Posted Dec 14, 2005 2:26 UTC (Wed) by pimlott
In reply to: lambda functions
Parent article: The Boost C++ Libraries
Ok, I took your previous post as anti-lambda and pro-everything-in-C++, which was clearly mistaken. I absolutely agree that a language should be built on a minimal set of primitives, but I strongly disagree that they need be close to the machine.
I'm not sure why you say that CONS implies garbage collection; there could be free-cons. Your suggestion that memory management should be in a library is plausible for many languages; however, GC seems to be required for pure (or mostly pure, as in ML) functional languages, so in these cases GC must be in the core. Funtional languages usually have special constructs or a library for manually managing memory, when required. "GC makes it impossible" seems extreme to me.
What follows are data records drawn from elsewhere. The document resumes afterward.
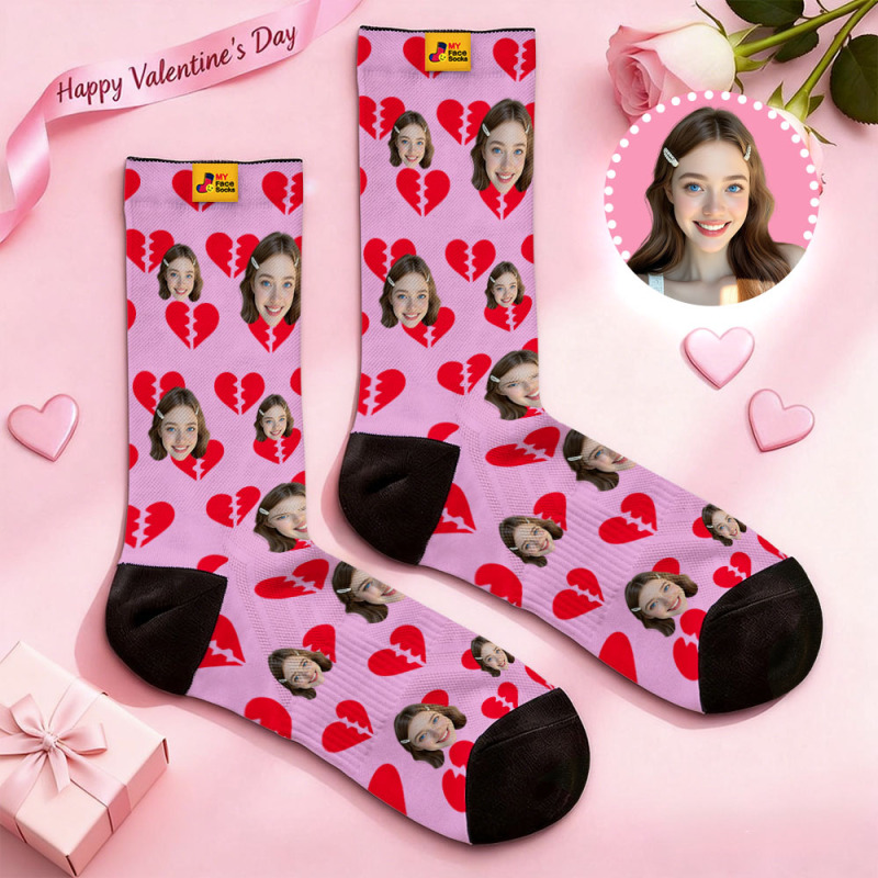 Custom Black Heart Face Socks Personalized Valentine Day Socks with Photo Cute Heart Pattern Couple Gift
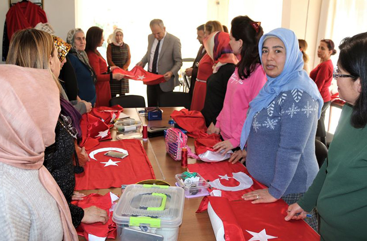 Bu kapsamda, İlçemiz Numune Mahallesindeki Belediye Kültür Evine ziyaret gerçekleştiren İlçe Kaymakamı İskender Yönden, Halk Eğitim Merkezi Müdürlüğünce uygulanan dikiş kurslarına katılan ve hünerli elleriyle şanlı Türk bayrağımızı diken asil ruhlu kadınlarımızı canı gönülden tebrik etti. (Haber Merkezi)
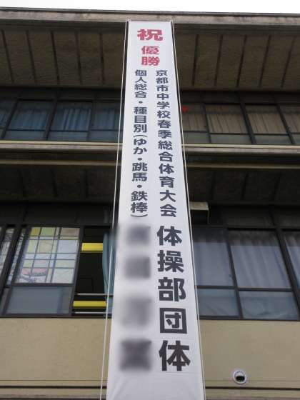 遅くなりましたが,体操部が春季大会で団体と個人で優勝しましたので,垂れ幕を作成し設置をしました。これで3本目になり,立派な垂れ幕が完成しました。

Re "sour grapes": In my experience, the industry is indeed doggedly conservative--every language decision I have seen has been based on familiarity, programmer availability, risk-aversion, or political acceptability, never on technical merit per se. Not that these are unfounded considerations, but all work against new languages. And I could as easily lampoon your Panglossian dismissal of historical contingency. "Worse is Better" argues that C won because it was easier to implement, and ran well on small machines, not because it was better. Is this implausible to you?
Re ITA: I was not aware that they relied heavily on non-LISP code; I'll have to look that up.